Q: I wrote a script based on my grandfather’s service in World War II. It’s obviously very personal. We’ve got a filmmaker whom we really like who’s interested in optioning it. I think this guy will do a great job, but my grandfather is still alive and I just want to make sure his image and story are going to be protected. I don’t think there’s anything I can do about it but thought I’d check with you guys…
A: Every writer’s script is that writer’s baby and, to a person, they’re almost all concerned that some producer is going to acquire their script and turn it from Gone with the Wind to Gone in 60 Seconds (the Nic Cage version). The problem is, every producer is afraid they’re going to acquire a script and have some obnoxious screenwriter chirping in their ear telling them how to make the movie (producer’s generally think screenwriters should be kept in small, dark, smoky rooms filled only with coffee mugs and typewriters). Once screenwriters sell their scripts, they’re usually no longer involved, unless they have some right to do rewrites.
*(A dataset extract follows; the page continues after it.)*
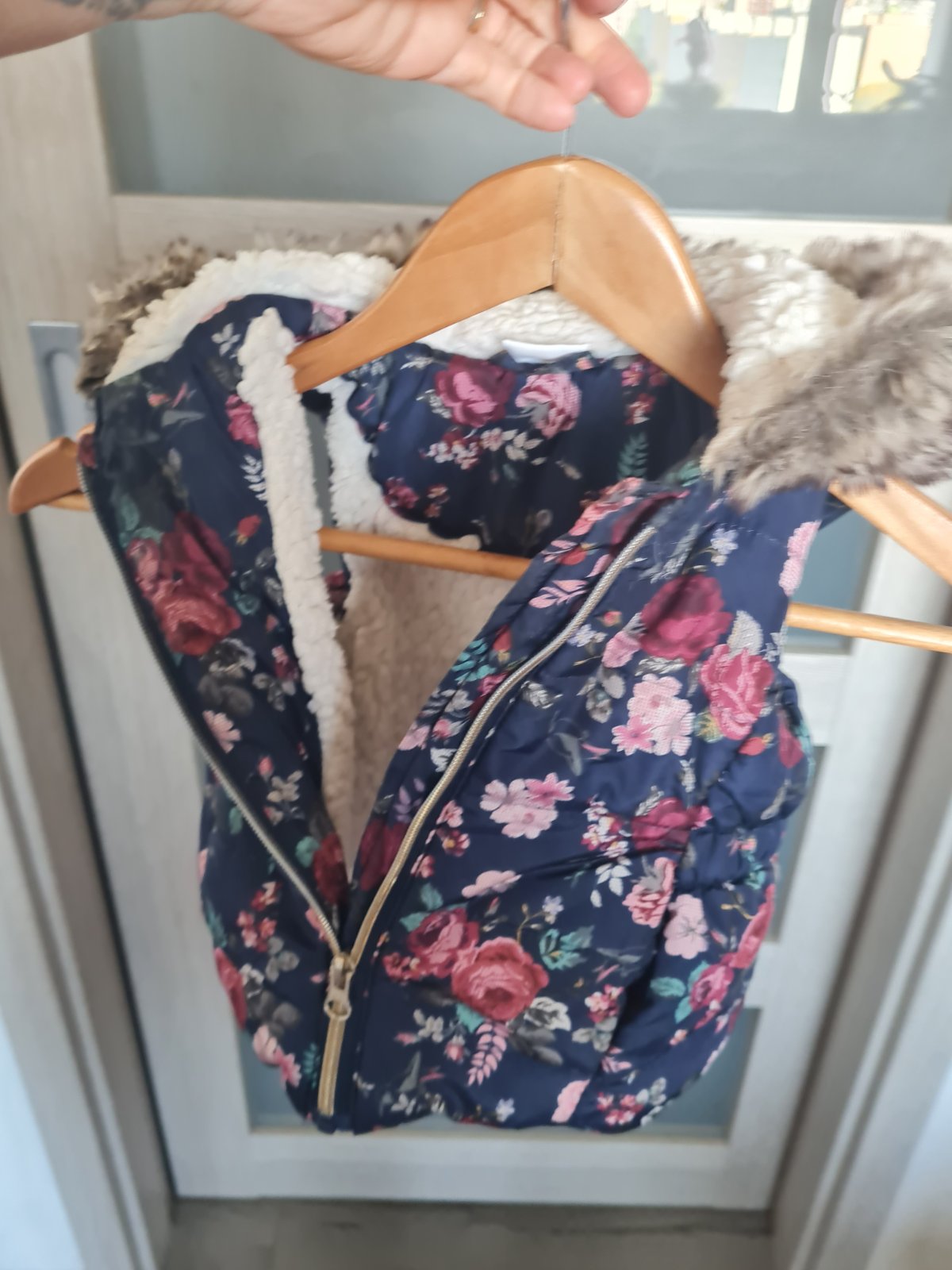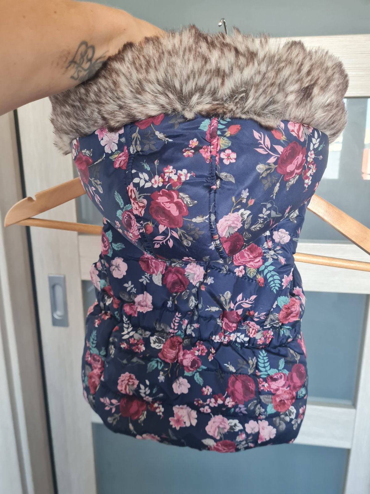 Pekná vesta, zn.F&F , vel.písaná 86...ale je väčšia,malá ju nosila ako 92/98. Málinko ošúchaná farba na bežci ( nič hrozné) ...inak výborný stav.

This can be especially problematic, however, when you’re dealing with a true life story. It’s one thing if a producer turns your fictional character from a peace-loving tree-hugger to a chain-smoking seal-clubber, but it’s a whole different story if that was an actual person, especially if that person is close to the writer and alive.
The fear for you is that they’ll somehow take your grandfather’s story and change it in a way that changes his image or story which would be incredibly upsetting for him. Therefore, you’re well within your rights to ask for certain limited approval rights when it comes to changes to the script the filmmakers may make.
A word of warning: this can be tricky because a producer’s soul will tell him to balk at giving a screenwriter any kind of approval rights. Therefore, make sure you’re sensitive to this — appeal to that producer’s soul (no matter how tiny and black) and explain what it would do to your grandfather if he was to see his true story twisted and changed.
I would recommend asking for approval only over material changes to events in the script or portrayals of any true life individuals. In other words, if the producer wants to add fictional characters or scenes that were not in your original script, they could do so without needing your approval. But if they were going to, for example, turn your grandfather’s true-life friendship with a woman into a fictionalized sexual relationship, they would need your approval (because it would qualify as a material change to both true life events and your grandfather’s character).
You can’t hope to control the final vision of the picture, but you are justified in looking to protect your grandfather’s story.